I thought that I’d have a lot more patience as a mother.
Considering how much we wanted Clara and how much we went through to have her, I thought that I would be a lot more patient as we figured each other out. Considering the challenges that we had with breast feeding and then with pumping, I like to think that I’ve made the best of a difficult situation. So I had a baby with a bad latch; we worked through it and life goes on.
But nothing prepared me for what it would be like to have a baby that spits up ALL THE TIME.
I know (now) that there are babies that spit up a lot and some that don’t at all. We have one of the ones that do and trust me, there are days when I feed her the milk that I worked so hard for and then she spits it up that I wonder if this is nature’s way of telling me that for some babies, they’d be better off on formula. Certainly, I’ve gotten some resistance to my pumping, from people that see how much work it is and don’t understand why I bother when formula is just as good. Except it’s not, and the formula companies, who want you to buy their product will put on a disclaimer on their packaging, reminding you that there’s a food better for your baby then what you’re about to buy.
I suppose there’s a chance that Clara could respond better to formula and not spit up do much but she could also respond to a reflux medication.

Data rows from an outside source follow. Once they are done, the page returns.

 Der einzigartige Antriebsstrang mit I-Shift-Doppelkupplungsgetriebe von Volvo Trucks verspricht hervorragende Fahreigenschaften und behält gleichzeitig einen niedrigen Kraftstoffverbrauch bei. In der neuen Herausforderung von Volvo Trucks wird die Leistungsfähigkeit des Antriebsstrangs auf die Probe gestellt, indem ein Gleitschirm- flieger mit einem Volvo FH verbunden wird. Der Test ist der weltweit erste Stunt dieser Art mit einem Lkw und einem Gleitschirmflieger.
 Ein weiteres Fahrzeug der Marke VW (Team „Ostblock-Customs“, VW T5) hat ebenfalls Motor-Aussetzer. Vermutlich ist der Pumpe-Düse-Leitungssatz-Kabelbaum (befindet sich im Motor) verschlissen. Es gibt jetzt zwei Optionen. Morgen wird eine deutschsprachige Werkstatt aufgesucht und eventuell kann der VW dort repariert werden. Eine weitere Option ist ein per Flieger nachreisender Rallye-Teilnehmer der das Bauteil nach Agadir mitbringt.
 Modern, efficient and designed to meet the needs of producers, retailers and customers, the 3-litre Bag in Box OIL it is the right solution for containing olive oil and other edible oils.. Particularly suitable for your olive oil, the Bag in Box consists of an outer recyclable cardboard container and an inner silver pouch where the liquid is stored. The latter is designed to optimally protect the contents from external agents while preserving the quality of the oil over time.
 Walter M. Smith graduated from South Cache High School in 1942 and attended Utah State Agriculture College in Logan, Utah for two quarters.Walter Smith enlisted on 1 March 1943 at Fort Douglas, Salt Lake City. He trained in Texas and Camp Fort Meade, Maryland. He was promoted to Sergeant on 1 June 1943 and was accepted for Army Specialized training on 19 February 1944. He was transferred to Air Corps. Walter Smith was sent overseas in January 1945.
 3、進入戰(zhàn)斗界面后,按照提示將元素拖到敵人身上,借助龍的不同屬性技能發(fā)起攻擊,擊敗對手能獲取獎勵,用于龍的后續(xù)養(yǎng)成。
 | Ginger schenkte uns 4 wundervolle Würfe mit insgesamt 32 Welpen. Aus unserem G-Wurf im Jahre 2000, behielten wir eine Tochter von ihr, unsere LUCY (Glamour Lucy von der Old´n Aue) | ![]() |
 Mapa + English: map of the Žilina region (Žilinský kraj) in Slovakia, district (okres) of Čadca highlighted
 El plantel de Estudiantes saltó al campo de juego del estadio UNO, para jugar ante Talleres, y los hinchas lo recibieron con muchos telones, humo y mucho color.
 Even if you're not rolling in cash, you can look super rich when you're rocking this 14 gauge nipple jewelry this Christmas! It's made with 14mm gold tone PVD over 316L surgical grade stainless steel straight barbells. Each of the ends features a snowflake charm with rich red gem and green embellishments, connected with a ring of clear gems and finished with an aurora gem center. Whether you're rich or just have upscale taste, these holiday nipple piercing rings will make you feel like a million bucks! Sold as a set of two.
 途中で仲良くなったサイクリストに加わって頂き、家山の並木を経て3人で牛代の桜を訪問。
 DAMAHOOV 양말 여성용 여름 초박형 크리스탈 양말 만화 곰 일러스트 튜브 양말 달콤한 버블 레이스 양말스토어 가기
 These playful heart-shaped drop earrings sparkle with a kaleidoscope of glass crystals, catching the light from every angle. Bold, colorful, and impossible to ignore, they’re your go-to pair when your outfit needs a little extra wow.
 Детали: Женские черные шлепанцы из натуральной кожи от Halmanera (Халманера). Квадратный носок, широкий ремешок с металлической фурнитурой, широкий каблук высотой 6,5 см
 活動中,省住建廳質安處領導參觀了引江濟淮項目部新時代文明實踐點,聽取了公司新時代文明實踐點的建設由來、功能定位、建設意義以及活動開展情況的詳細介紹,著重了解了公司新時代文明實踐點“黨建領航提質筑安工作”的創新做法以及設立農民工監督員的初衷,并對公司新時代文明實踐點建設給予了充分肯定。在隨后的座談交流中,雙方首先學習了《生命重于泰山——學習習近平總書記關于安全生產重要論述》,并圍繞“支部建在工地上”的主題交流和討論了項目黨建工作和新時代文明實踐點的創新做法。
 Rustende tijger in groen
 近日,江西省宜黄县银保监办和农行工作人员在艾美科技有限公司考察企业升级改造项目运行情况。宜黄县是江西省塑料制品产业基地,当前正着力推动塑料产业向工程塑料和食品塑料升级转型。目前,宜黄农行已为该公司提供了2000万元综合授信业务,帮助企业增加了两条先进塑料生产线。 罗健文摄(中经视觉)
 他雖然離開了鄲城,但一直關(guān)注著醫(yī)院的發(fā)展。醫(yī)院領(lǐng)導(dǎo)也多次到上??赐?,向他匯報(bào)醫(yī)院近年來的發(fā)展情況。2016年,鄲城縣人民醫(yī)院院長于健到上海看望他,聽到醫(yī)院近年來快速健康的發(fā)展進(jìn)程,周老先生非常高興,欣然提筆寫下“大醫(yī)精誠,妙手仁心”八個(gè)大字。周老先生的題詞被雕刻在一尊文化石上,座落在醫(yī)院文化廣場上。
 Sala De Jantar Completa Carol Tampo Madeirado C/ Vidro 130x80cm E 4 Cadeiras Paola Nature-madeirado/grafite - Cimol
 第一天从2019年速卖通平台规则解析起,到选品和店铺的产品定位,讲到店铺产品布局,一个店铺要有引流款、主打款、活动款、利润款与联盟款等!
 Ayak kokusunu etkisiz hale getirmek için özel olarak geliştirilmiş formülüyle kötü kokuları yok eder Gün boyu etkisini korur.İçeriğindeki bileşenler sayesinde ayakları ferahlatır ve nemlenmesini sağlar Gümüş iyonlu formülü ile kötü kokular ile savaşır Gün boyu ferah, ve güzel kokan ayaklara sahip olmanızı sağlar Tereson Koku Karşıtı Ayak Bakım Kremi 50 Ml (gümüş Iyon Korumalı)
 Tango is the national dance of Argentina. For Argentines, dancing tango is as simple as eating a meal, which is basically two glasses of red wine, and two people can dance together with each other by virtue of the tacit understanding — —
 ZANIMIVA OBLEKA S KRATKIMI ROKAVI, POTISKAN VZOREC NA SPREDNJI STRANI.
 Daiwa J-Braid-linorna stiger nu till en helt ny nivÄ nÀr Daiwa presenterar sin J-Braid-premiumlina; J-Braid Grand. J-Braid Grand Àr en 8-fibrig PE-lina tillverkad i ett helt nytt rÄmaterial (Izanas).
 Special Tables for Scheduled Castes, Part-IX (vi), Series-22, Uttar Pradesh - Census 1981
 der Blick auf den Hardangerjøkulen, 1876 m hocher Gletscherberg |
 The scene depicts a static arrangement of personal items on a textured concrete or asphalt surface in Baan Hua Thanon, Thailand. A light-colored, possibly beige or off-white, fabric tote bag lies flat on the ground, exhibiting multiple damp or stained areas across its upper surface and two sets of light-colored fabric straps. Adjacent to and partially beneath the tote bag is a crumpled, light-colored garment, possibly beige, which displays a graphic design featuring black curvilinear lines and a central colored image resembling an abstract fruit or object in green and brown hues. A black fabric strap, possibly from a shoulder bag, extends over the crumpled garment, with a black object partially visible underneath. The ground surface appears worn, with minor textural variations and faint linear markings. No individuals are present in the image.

I’m not running out to try either – Clara’s doctor hasn’t suggested it, she’s certainly gaining enough weight – and my instincts tell me I don’t need too. I look at her chubby little legs, those beefy little biceps and I get a sense of pride knowing that *I* did that.
So I keep feeding her the milk I’ve pumped, she keeps spitting it up, I keep pumping more. Eventually, she’ll stop spitting up as much and I’ll forget about the days I changed her half a dozen times.
The first time she spit up down the front of my shirt, I laughed and reflected on Facebook that I was officially a mom. There was the night she projectiled through the bars of her crib and she sprayed my pajama pants and I took a photo to show my friend Anna Lee, sufficient payback, I thought, for the time we were at lunch and her daughter gushed a waterfall of spitup that overflowed Anna Lee’s not quite fast enough hand, ran down the leg of her pants (Anna Lee’s, not Taylor’s) and splattered the outdoor terrace at Fazooli’s and all I could do was cry, “oh gross!!!” Did I jinx myself that day? I’m guessing I did. And yes, parents use their hands to catch spit up.
But then the novelty of being puked on started to wear off and now, it’s getting old. Really old. She still pukes down my shirt, on a daily basis, and I still scoop it out, making sure to get it out if my bra because it gets in there too. (There’s nothing sexy about my breasts these days, even if they’re porn-star big, and just as hard.) And most days, when I’m scooping the puke, it’s not that big of a deal. Probably because I’m in a yoga tank and sweat pants and I bought like a half a dozen of the tanks from the Joe section at the grocery store so I can pull the stained one off and pull a new one on.
But then there are days like yesterday, when I’m running on very little sleep because of an allergy attack from the night before and I can’t take anything for it, and Clara is doing that shrill shriek that she’s just learned how to do and while it’s funny to her it’s like nails on a chalkboard to me, and we’re running around the house because we’re going to be late for our Infant Massage class, and I’ve JUST put on one of the few shirts that still fit me and is appropriate to wear in public and even though I tell her, I plead and beg with her not to spit up on me, of course she does. Right down the front of my shirt. And even if there was time to find a new shirt to put on, there’s not another shirt to put on and so I’m wiping at my shirt as we continue the race to get out of the door and my lack of patience creeps through as I wail and ask her why did she have to do that, wasn’t the five hundred times she spit up on me earlier that day enough?
(I indicated in my post on sleeping (#31) that I was going to continue it but I’ve since changed my mind – I write these posts in the middle of the night and there’s just no time during the day to go back to them to edit or add more. I start writing when the pump goes on, when the pump turns off, the post is done. And as for doing a post daily – I’m finding nights where I’m too bleary-eyed to write, much less think and that’s when I’d rather be reading blogs (ahem you infrequent bloggers, help a girl out) than writing them).